Singapore, Dec 5, 2009: Stem cells have long been proposed to hold promise for the treatment of a wide variety of diseases. Interestingly, last year saw some major breakthroughs in the development of stem cells as therapeutic products. Generally, it is accepted that there are three types of mammalian stem cells. Embryonic stem cells derived from the inner cell mass of blastocysts have the ability to differentiate into all of the specialized embryonic tissues. In contrast, adult stem cells derive both from adult tissues where they act as a repair system for the body by replenishing specialized cells and maintaining normal turnover of organs with high regenerative capacities, such as blood, skin or intestinal tissues as well as from sources such as umbilical cord, blood and bone marrow, which give rise to highly plastic adult stem cells. Most recently, there has been much interest in mesenchymal stem cells (MSCs) which are adherent cells isolated from the bone marrow or adipose tissue. Unlike other stem cells, these cells seem to be able to evade the host immune system, due to the lack of MHC protein expression. All three cell types have advantages and disadvantages as therapeutics.

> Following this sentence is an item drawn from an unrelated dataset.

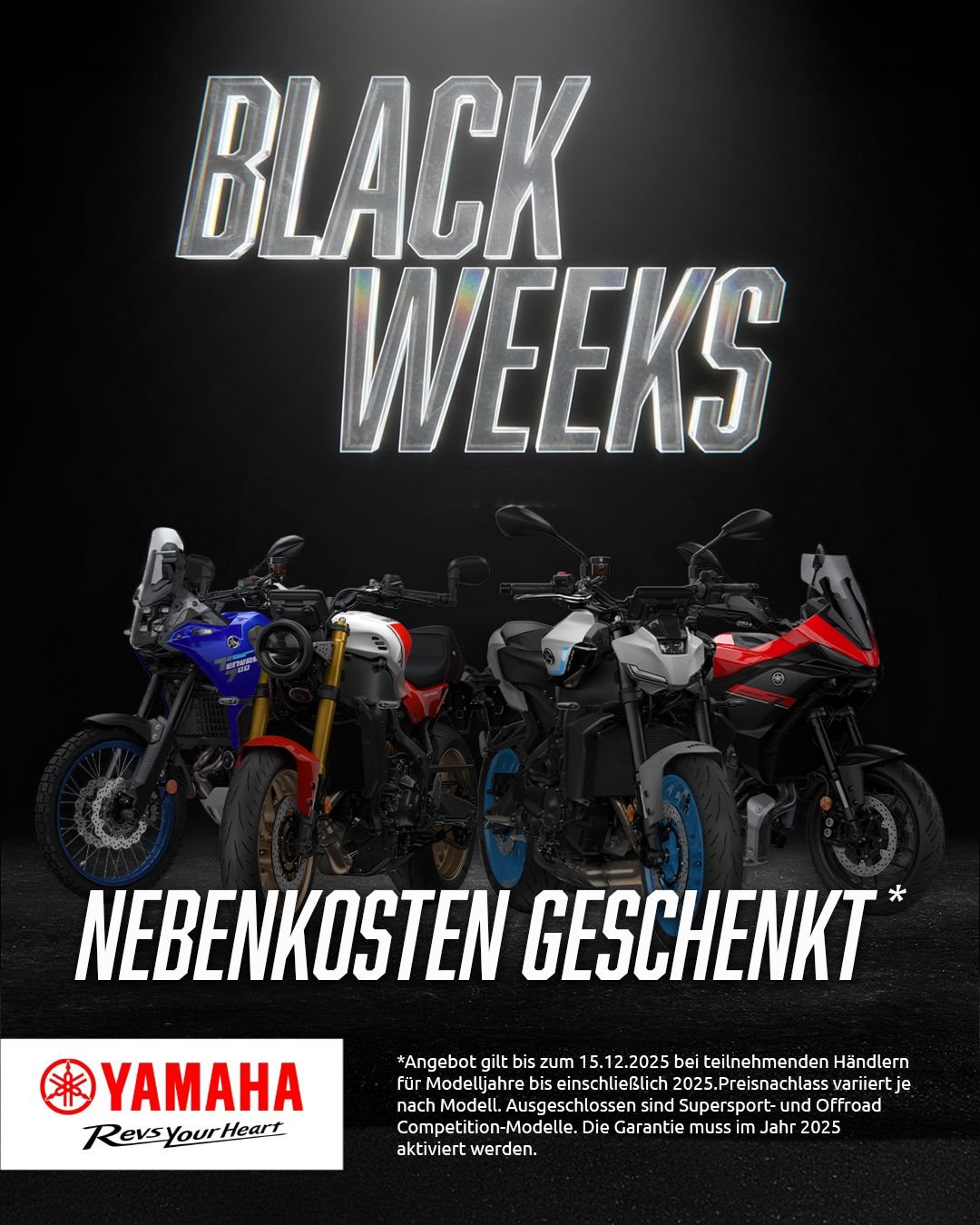 Alle Motorräder* und Roller im Angebot: Sichere dir bei unseren Herbst-Aktionswochen dein Wunschmodell zum Bestpreis! Wenn Du dich bis zum 15. Dezember für ein neues Modell entscheidest, schenken wir dir die Nebenkosten was für dich einen attraktiven Preisvorteil von bis zu 450 € bedeutet. Also gib Gas und mach dich am besten gleich auf den Weg zu deinem Yamaha Partner!

Approved stem cell clinical trials
The year 2009 started off as a milestone year for stem cell therapists with three of the leading biotech companies (ReNeuron of Guildford, UK; Geron of Menlo Park, California; and StemCells of Palo Alto, California) received approval by the relevant regulatory authorities to proceed with clinical trials involving the transplantation of either foetal stem cells into the brain or of embryonic stem cells into the spinal cord. All these biotech companies are working with well characterized cells that have been extensively tested in animal models, and where preclinical data on safety and efficacy is available. This is also a good news for Asian biotech in general and Singapore in particular, since there are a number of companies at the forefront of stem cell research in this region
Encouragingly, data is already available from StemCells’ groundbreaking clinical trial to test the safety and preliminary efficacy of their proprietary HuCNS-SC product. The cells were tested in children with a rare neurodegenerative disease and shown to yield both a favorable safety profile of the product as well as evidence of engraftment and long-term survival of the donor cells.
In July 2009, a UK listed biotech company, ReNeuron announced that the UK Gene Therapy Advisory Committee (GTAC) had issued a Favourable Opinion subject to conditions in respect of ReNeuron’s proposed phase I clinical trial with its ReN001 stem cell therapy for stroke. This development follows on from the earlier Provisional Opinion given by GTAC in May. Importantly, the conditions attached to the Favourable Opinion relate to clinical trial protocol amendments and the provision of supplemental, non-safety-related, pre-clinical data. Regulatory approval for the clinical trial was granted by the UK Medicines and Healthcare Products Regulatory Agency (MHRA) in January this year, as ratified by the Commission on Human Medicines and its Clinical Trials Expert Advisory Group. The phase I trial will take place in Scotland at Glasgow’s Southern General Hospital, in patients who have been left disabled by their stroke.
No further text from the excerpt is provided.